Św. Paweł nie mówi, że Bóg usunie próbę, ale da nam łaskę ponosić to. Czy w to wierzysz? To tutaj guma spotyka się z drogą, gdzie wasza wiara jest albo fantazją, albo prawdziwą. Łaska, którą On ześle, przyjdzie u jej źródła, jak pokój. Nie może usunąć paznokci z rąk ani cierni z umysłu; nie może powstrzymać bata ani osłaniać cię przed plwociną… nie, te pozostają, by doprowadzić cię do nowego zmartwychwstania, nowego zmartwychwstania Chrystusa w tobie. Jest to raczej pokój, który wypływa w tej chwili miłość. Bo kiedy poddajesz się woli Bożej, tak trudnej, tak trudnej, tak zagmatwanej, tak całkowicie i pozornie niesprawiedliwej… jest to akt miłości, który wstrząsa niebiosami i sprawia, że ​​aniołowie pochylają głowy. Z tego aktu miłości wypływa to pokój- które są skrzydłami miłości - które umożliwiają Ci „wszystko znoś, wszystkiemu wierz, we wszystkim pokładaj nadzieję i wszystko znoś”(1 Kor 13). 

Pokój nie zstąpił z krzyża, ale zamiast tego rozpostarł ramiona niczym skrzydła nad światem i swoim dekretem sprowadził Królestwo Boże na serca ludzi. Idź i zrób to samo. Rozłóż dziś ramiona na krzyżu, aby Duch Jezusa mógł przez ciebie przepływać, przynosząc Królestwo Boże do serc tych mężczyzn i kobiet, którzy są pośród ciebie, tak zdesperowanych w poszukiwaniu znaku miłości, wierności i prawdy.

Zaufaj Bogu, a on ci pomoże; prostujcie swoje drogi i miejcie nadzieję w Nim. Wy, którzy boicie się Pana, czekajcie na Jego miłosierdzie, nie odwracajcie się, abyście nie upadli.

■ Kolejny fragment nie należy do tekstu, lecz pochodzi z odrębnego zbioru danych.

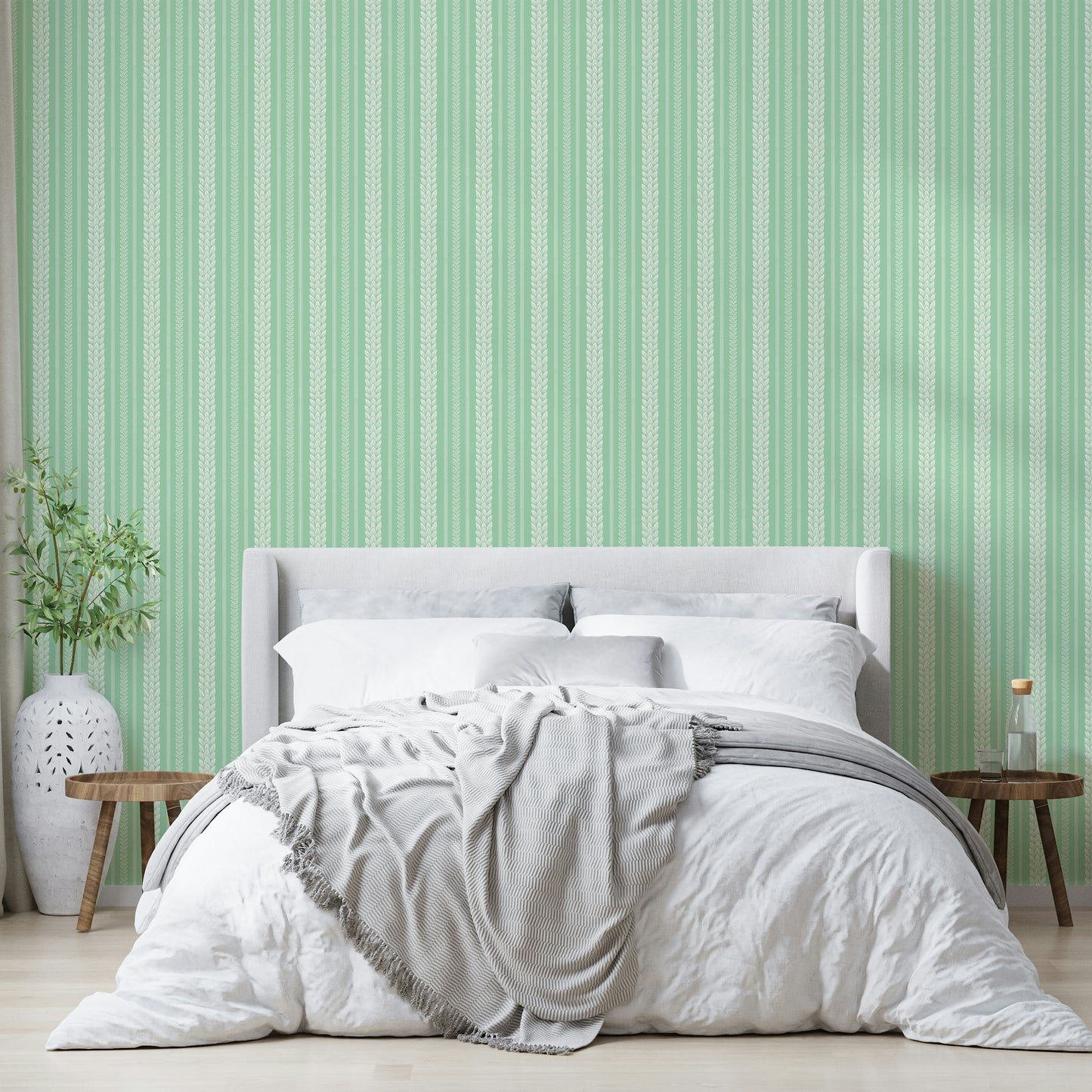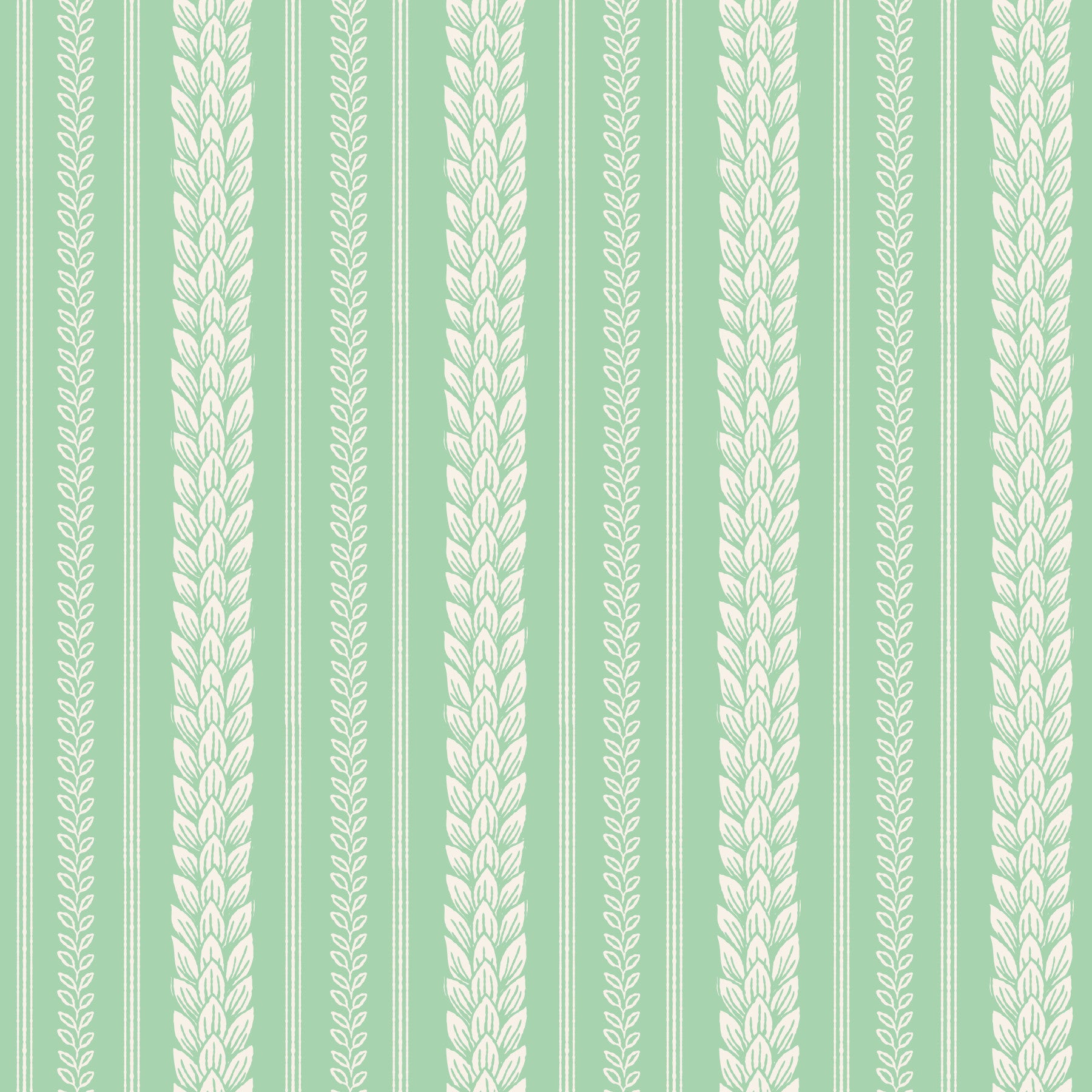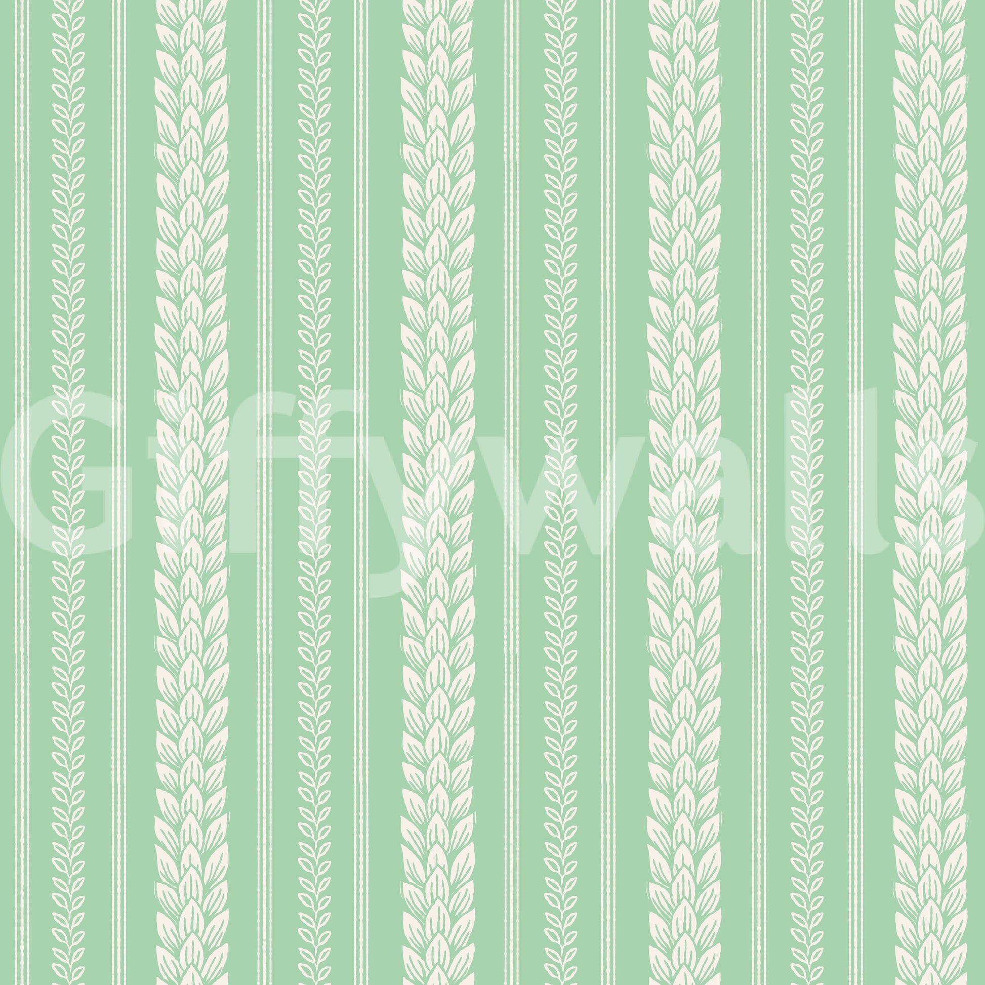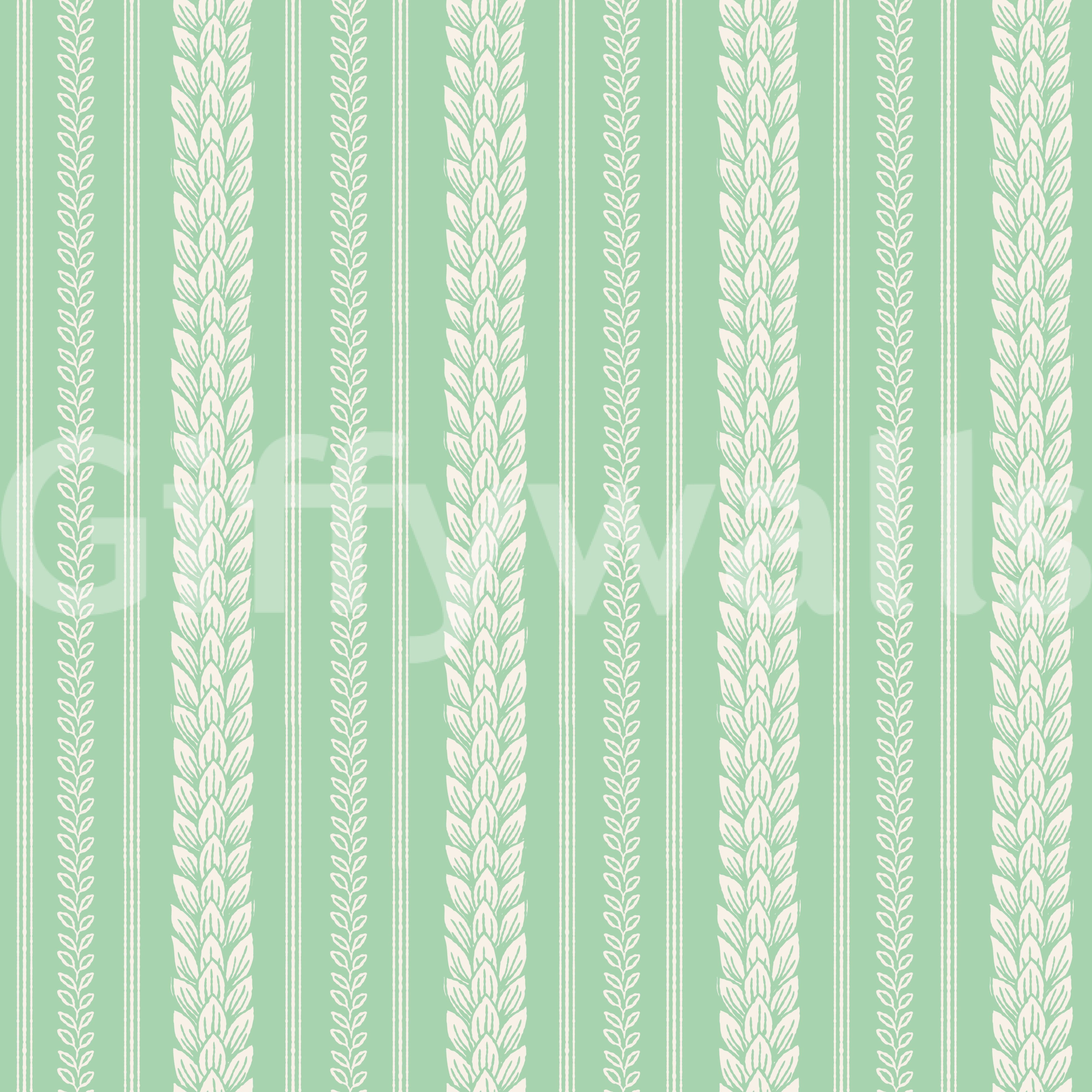 Embrace cheerful spring vibes with this "Merry Cherry Green Stripe" wallpaper. The design features elegant, off-white leaf motifs arranged in vertical stripes against a refreshing pale green backdrop. The repeating pattern of stylized leaves creates a sense of playful sophistication, perfect for adding a touch of natural charm to any space. Thin green stripes subtly separate the leaf columns, enhancing the overall visual rhythm and creating a balanced, harmonious aesthetic. This wallpaper is a delightful blend of classic and contemporary, bringing a fresh, optimistic feeling to your home or office.

Wy, którzy boicie się Pana, ufajcie Mu, a wasza nagroda nie przepadnie. Wy, którzy boicie się Pana, spodziewajcie się dobra, trwałej radości i miłosierdzia. (Syr 2: 6-9)

 

 

Przyjazne dla wydruku, PDF i e-mail
Opublikowany w HOME, DUCHOWOŚĆ i oznaczone , , , , , , , .

Możliwość dodawania komentarzy nie jest dostępna.